Troops, police clamp down in US cities as unrest over racism flares
Thousands of National Guard troops patrolled major US cities on Sunday after five consecutive nights of protests over racism and police brutality that boiled over into arson and looting, sending shock waves through the country.
A senior White House official, echoing President Donald Trump, blamed anarchists and far left activists for the violence while local leaders appealed to citizens to give constructive outlet to their rage without destroying their communities.
"There are some people in our streets who are driven there by a passion for our community," said Melvin Carter, the African American mayor of St. Paul, the capital of Minnesota and twin city of Minneapolis, the epicenter of the protests.
"And then there’s folks in our streets who are there to burn down our black-owned barbershops, to burn down our family-owned businesses, our immigrant-owned restaurants," he said on CNN. The death Monday of an unarmed black man, George Floyd, at the hands of police in Minneapolis ignited this latest wave of outrage in the US over law enforcement’s repeated use of lethal force against African Americans -- this one like others before captured on cellphone video.

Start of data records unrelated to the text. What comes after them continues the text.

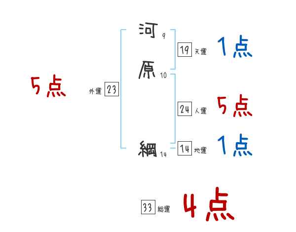 天運![]() | 河原綱さんの天運は19画の1つ星!優れた才能を持ちますが、協調性が足りないことも。周りの人と協力する事を意識しましょう。 家系が持つ宿命的な運勢を表します。祖先から受け継いだ苗字ですので自分の力が及びません。家柄を象徴します。 |
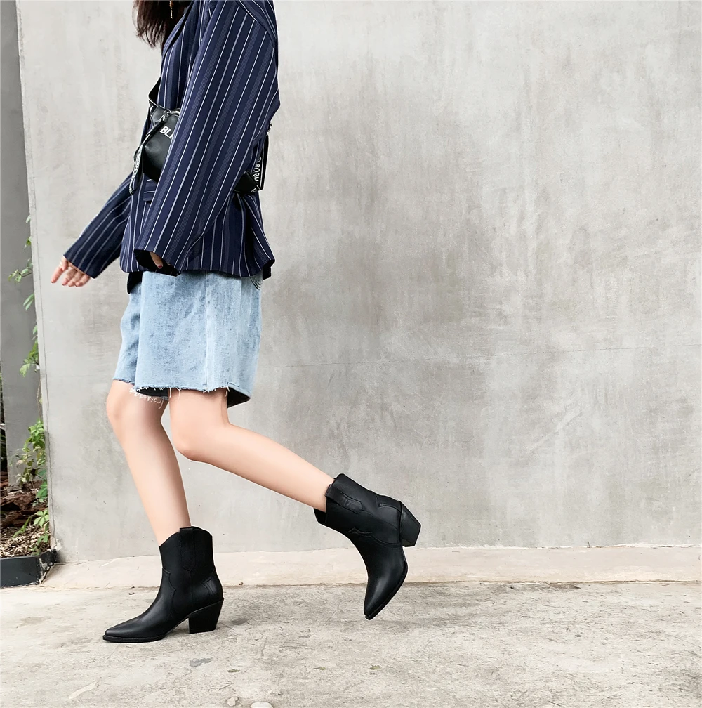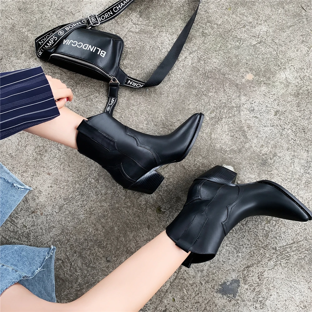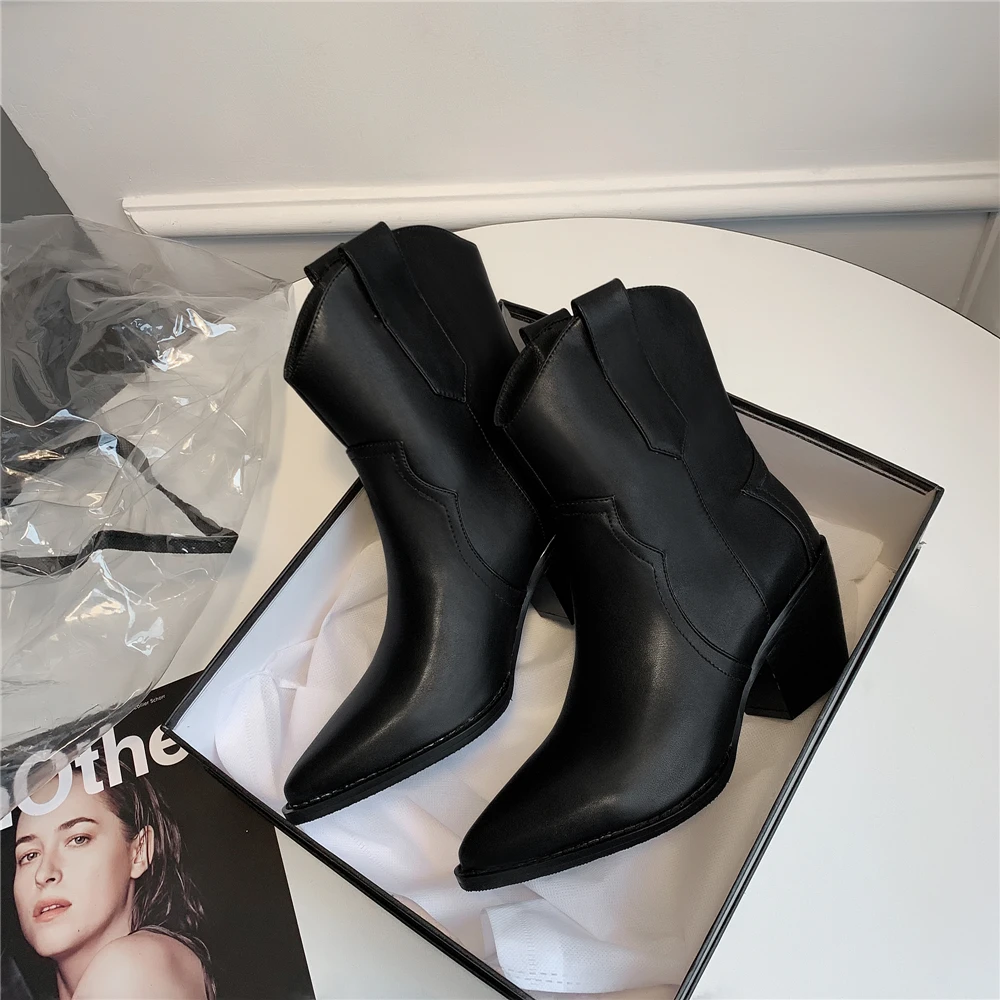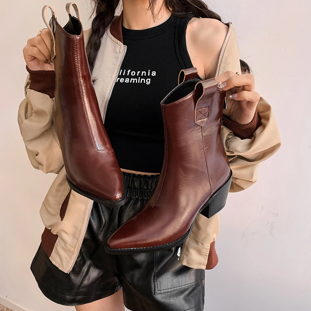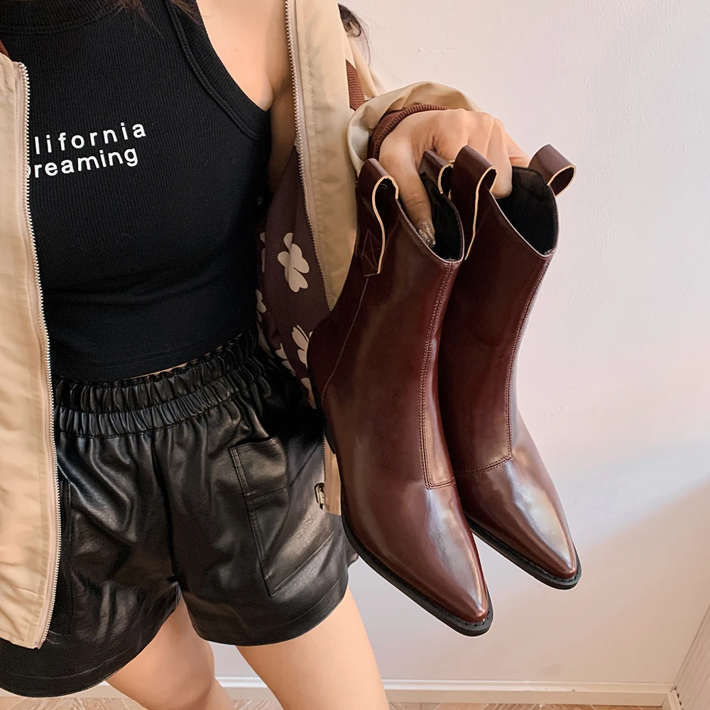 Женские полусапожки Челси с острым носком, ковбойские полусапожки на танкетке, 2022
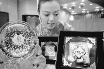 12月15日,北京,工作人员展示“北京2008年奥运会纪念金盘、纪念金银砖”。当天,百年奥运史上的第一枚金盘和第一套奥运金银砖在北京举行首发仪式。
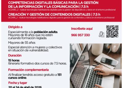 La formación, centrada en la mejora de la confianza en el entorno digital y la gestión de contenidos, tiene una duración de 15 horas y cuenta con financiación de fondos europeos ‘Next Generation’

From Seattle to New York, tens of thousands of protesters took to the streets demanding tougher murder charges and more arrests over the death of Floyd, who stopped breathing after Minneapolis police officer Derek Chauvin knelt on his neck for nearly nine minutes.
Minnesota Governor Tim Walz mobilized the state’s 13,000 National Guard troops to help restore order while police enforced an overnight curfew after rioters looted shops and set fires in the Minneapolis-St. Paul area.
Police fired tear gas and stun grenades to clear streets of curfew-violators Saturday night in Minneapolis, and National Guard troops protected the state capitol in St Paul. A Minneapolis police spokesman, John Elder, said a man’s body was found near a burning vehicle early after firefighters were called to the scene.
It was unclear if the death, which was being investigated as a homicide, was connected to the unrest in the city.
Los Angeles, Chicago and Atlanta were among two dozen cities ordering people to stay indoors overnight as more states called in National Guard soldiers to help control the civil unrest not seen in the United States for years.
In Los Angeles, officers fired rubber bullets and swung batons during a testy standoff with demonstrators who set fire to a police car. Police and protesters clashed in numerous cities including Chicago and New York, with officers responding to projectiles with pepper spray while shop windows were smashed in Philadelphia.